When an incident hits, teams lean on observability to answer the only questions that matter: _what’s broken, and why?_ Monitoring systems are designed to help you answer these questions, and they usually do.

But what happens when your observability stack is dependent on the same systems that are failing? In that moment, the dashboards go dark, alerts stop firing, and the tools meant to guide recovery become part of the outage.

This is an increasingly common challenge as organizations consolidate onto shared platforms like Kubernetes, service meshes, and other common infrastructure components. At Airbnb, where thousands of services rely on shared infrastructure to deliver a reliable experience for guests and hosts, we traced a key reliability risk back to a circular dependency: our metrics pipeline was built on the same systems it was meant to observe.

Reliability is foundational to how we build trust and deliver exceptional experiences for our global community. Airbnb’s core values include being a responsible, reliable host to millions of guests and hosts around the world. Breaking that dependency chain became essential to operating responsibly at scale and sustaining trust.

In this blog post, we’ll walk through how we identified and eliminated dependencies in Airbnb’s metrics platform. We’ll start with why circular dependencies pose such a risk to observability, then dive into the specific design patterns we used to break them across compute, networking, and meta-monitoring. The takeaway is a set of practical approaches you can apply to make your observability stack more reliable than the systems it observes.

## The hidden risk: Circular dependencies in observability

Reliable observability isn’t just about collecting data — it’s about ensuring that the observability stack itself is more reliable than the systems it monitors.

At Airbnb, platform teams provide shared infrastructure that lets developers deploy, operate, and run services with minimal friction. Our team relied heavily on those foundations — and that’s where we hit a subtle snag: our observability stack depended on the same systems it was supposed to monitor. In other words, we had circular dependencies.

Fixing this wasn’t optional. Left unsolved, it undercuts a core purpose of observability: enabling engineers to diagnose root causes when something goes wrong. If the system that detects outages relies on the very infrastructure that is failing, visibility disappears exactly when it’s needed most.

Our solution was simple in principle: give every internal customer a redundant, highly available path for collecting metrics.

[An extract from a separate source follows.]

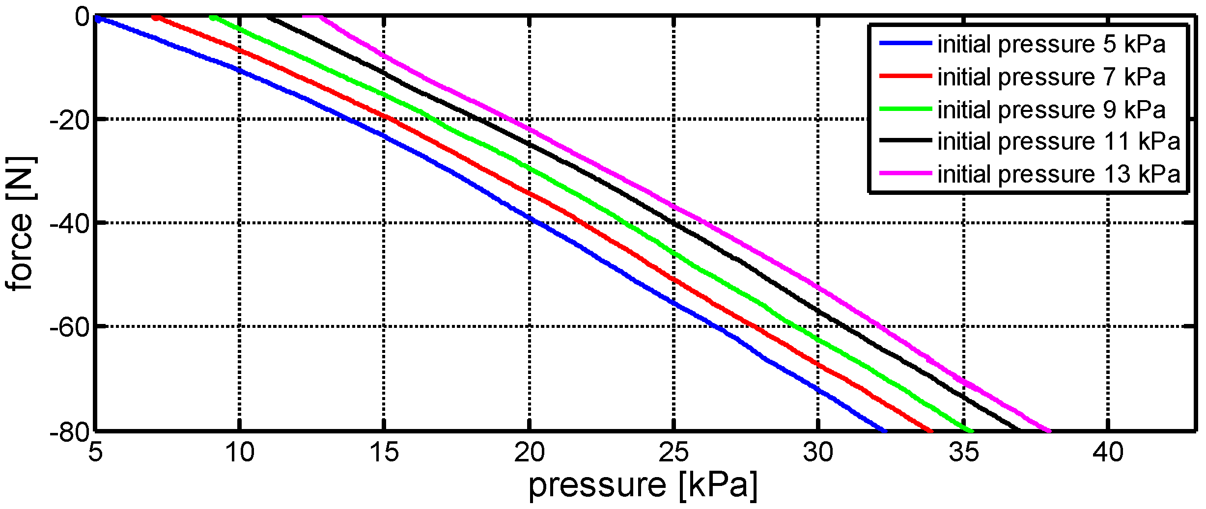 Basic characteristic of air-pad describing the relationship between interaction force applied on the pad and change of air pressure using different initial pressures.

Just as important, we drew a clear line around our responsibilities: we didn’t try to guarantee the availability of metrics for systems that weren’t our internal customers, and we didn’t design for redundancy across those external fault domains.

### Isolating compute: Dedicated clusters without the overhead

Among the many stakeholders of our metrics platform, the Airbnb Cloud team was one of the most critical. Airbnb operates Kubernetes clusters for everything from personal dev environments to the production workloads powering Airbnb.com, and our system had to meet the Cloud team’s expectations for metrics availability.

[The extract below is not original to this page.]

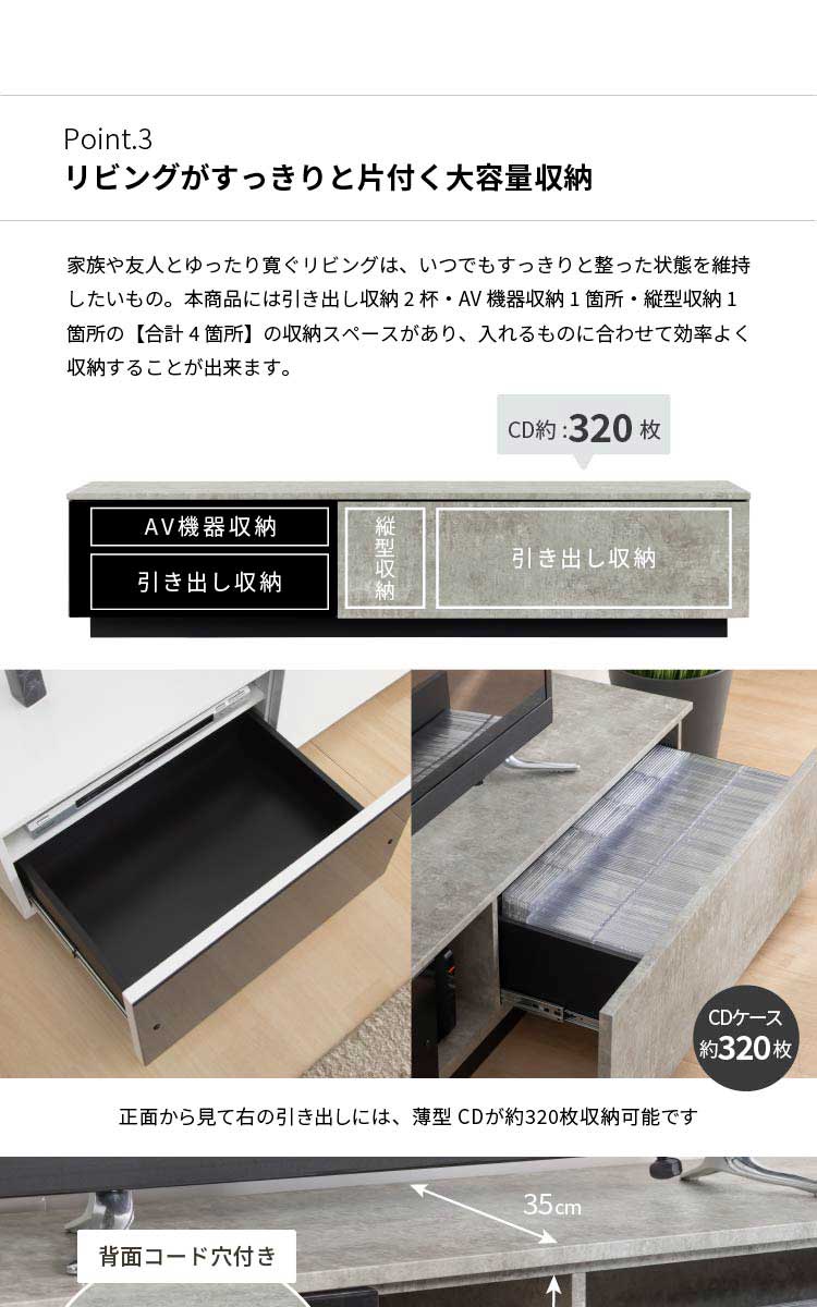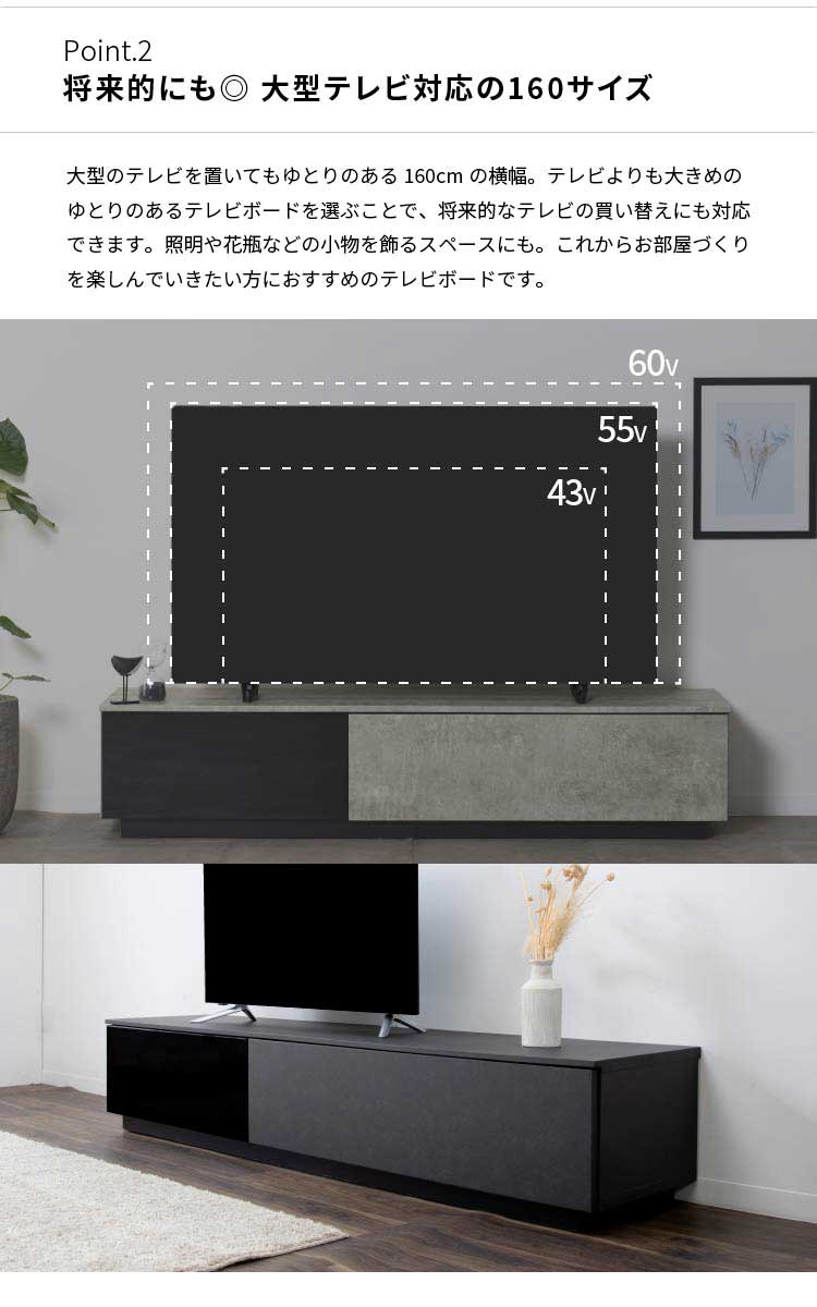 テレビ台 テレビボード 幅 160 cm ローボード 完成品 白 おしゃれ 収納 AVラック TV台 石目柄 グレー シンプル モダン 160cm 幅 黒 セラミック調

When considering where to run our observability components, we effectively faced two extremes:

  1. Run Observability on shared production clusters.   
This minimized our operational overhead, but tightly coupled us to the very applications we needed to monitor.
  2. Operate our own Kubernetes clusters.   
This provided full isolation but required deep operational expertise and ongoing maintenance — work the small but mighty Observability team wasn’t eager to take on.



Neither extreme worked. The first introduced circular dependencies, jeopardizing our availability targets; the second imposed undue operational burdens.

Our “just right” solution was to isolate our workloads onto dedicated Kubernetes clusters. These clusters aren’t shared with product or infrastructure applications, but they’re still administered and maintained by the Cloud team. This preserved Kubernetes as a managed foundation while reducing shared failure domains.

To keep this setup reliable, we coordinate changes with the Cloud team so that only one major change lands at a time, and so that changes are validated on lower-priority clusters before reaching operational clusters. This struck the balance we needed: high availability for our internal customers with minimal operational overhead for our team.

### Rethinking networking: Breaking free from the service mesh

Observability data is uniquely high-volume. At Airbnb’s scale, we send orders of magnitude more observability traffic than business traffic, which makes networking a key foundation of our observability stack.

Airbnb uses Istio as its service mesh, and while Istio is excellent for many infrastructure benefits, it wasn’t the right fit for our observability workloads. The immediate challenge was obvious: we couldn’t rely on the same data plane for monitoring product and infrastructure applications as for business traffic. That would create a circular dependency — metrics for the data plane would depend on that same data plane to be delivered.

The second issue was more subtle: observability traffic behaves very differently from typical business traffic. It’s far larger and (arguably) demands higher availability and priority. Our service mesh was originally designed around business workloads, not a world where every service continuously pushes telemetry to a central store. Sharing the same transport channel meant that as usage grew, congestion could make metrics unavailable, eroding critical debuggability for both platform engineers and product developers. Worse, telemetry spikes could also consume shared capacity and degrade or disrupt application traffic, directly impacting Airbnb.com availability.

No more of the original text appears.